Upper Tribunal gives guidance on the Chikwamba principle, by Ed Mynott
In the newly reported Upper Tribunal case of Hayat (nature of Chikwamba principle) Pakistan [2011] UKUT 00444 (IAC), a panel comprising Lord Menzies and Upper Tribunal Judge PR Lane has addressed the situation where in an Article 8 private and family life case, the only reason given by the Secretary of State for refusing the claim is that the applicant should return to the country of their nationality in order to make an application from overseas. This issue was famously tackled by the House of Lords in Chikwamba. The appellant in Chikwamba was a female Zimbabwean, who had unsuccessfully sought asylum in the United Kingdom and, whilst here, had married a Zimbabwean national, who had been granted refugee status. The couple had a daughter, aged 4 at the date of the House of Lords hearings. Their lordships held unanimously that it would be a violation of the appellant’s Article 8 rights to require her to leave the United Kingdom, with Lord Brown holding that:
44...only comparatively rarely, certainly in family cases involving children, should an article 8 appeal be dismissed on the basis that it would be proportionate and more appropriate for the appellant to apply for leave from abroad..
The facts of the Hayat case were very different. An Article 8 claim was made by the husband of a Pakistani national who had originally entered as a student and had then extended her Leave under Tier 4 until 2014. The couple intended to leave the UK when that Leave expired but, in the meantime: “We have become heavily dependent on each other, and find it unthinkable to live apart”( Hayat, 5)

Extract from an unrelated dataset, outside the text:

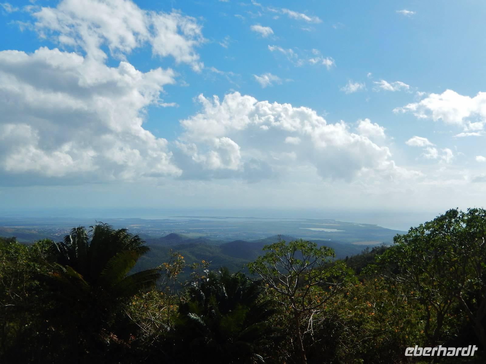 Nach einem herzhaften Frühstück brechen wir zeitig auf, denn heute werden wir viel erleben und eine weite Strecke zurücklegen. Am Rande der Stadt Baracoa gibt es einen Aussichtspunkt, der uns die Bedeutung des Namen des Ortes verdeutlicht. Aufgrund der Lage am berühmten Tafelberg El Yunque trägt die Stadt den Namen Hohes Land.

The Article 8 appeal was dismissed but the Upper Tribunal found that:
21... the determination in the present appeal is legally flawed. In particular, the Immigration Judge was wrong to conclude that the Chikwamba principle could be rendered inapplicable to the facts of the case before her, on the basis that the appellant “is not seeking leave to settle in the United Kingdom as a spouse”.
The Tribunal sets out the relevant case law which has followed Chikwamba and, in accordance with those authorities, finds that the principle in Chikwamba does not ‘operate with unwavering force, regardless of the circumstances of the particular case’ (18). Findings of fact must be made. Nonetheless:
23 The significance of Chikwamba, however, is to make plain that, where the only matter weighing on the respondent’s side of the balance is the public policy of requiring a person to apply under the rules from abroad, that legitimate objective will usually be outweighed by factors resting on the appellant’s side of the balance.
24. Viewed correctly, the Chikwamba principle does not, accordingly, automatically trump anything on the State’s side, such as a poor immigration history. Conversely, the principle cannot be simply “switched off” on mechanistic grounds, such as because children are not involved, or that (as here) the appellant is not seeking to remain with a spouse who is settled in the United Kingdom.
25. Like the absence of children, that last factor may be one which diminishes the force of the principle; but whether it will do so depends upon an assessment of the facts. For example, if the position disclosed by the evidence had been that the appellant’s wife was due to finish her studies only a few weeks after the date of the hearing, and was intending to return to her country of origin, and the evidence was such that she did not need the appellant to be present with her while she finished her studies and prepared to leave, then the Chikwamba principle would have had nothing to add to the appellant’s case. The actual facts of the present case, however, were very different. As we have already seen, the appellant’s wife had the best part of a year to go before the end of her first tranche of the ACCA course. She has now been given leave to remain until 2014 in order to complete that course. There is no suggestion that her practical and emotional need for her husband to be with her has diminished in any respect.
The guidance given by the Tribunal in Hayat about the application of the Chikwamba principle makes clear that it applies whether or not there are children and whether or not there is an ultimate intention to settle. Of course, where there is a poor immigration history that can be relied on by the Secretary of State and would have to be addressed by the Appellant. But reminding decision-makers that an Article 8 claim cannot be defeated solely by reference to a policy of making applicants apply from overseas, should focus everyone’s attention on the actual circumstances of an individual’s family and private life and the quality of the evidence relied on by the parties. It also suggests the utility, in appropriate cases, of providing evidence to show that all the requirements of a given Immigration Rule are met (except the possession of entry clearance) as this will be a factor resting on the Appellant’s side of the balance.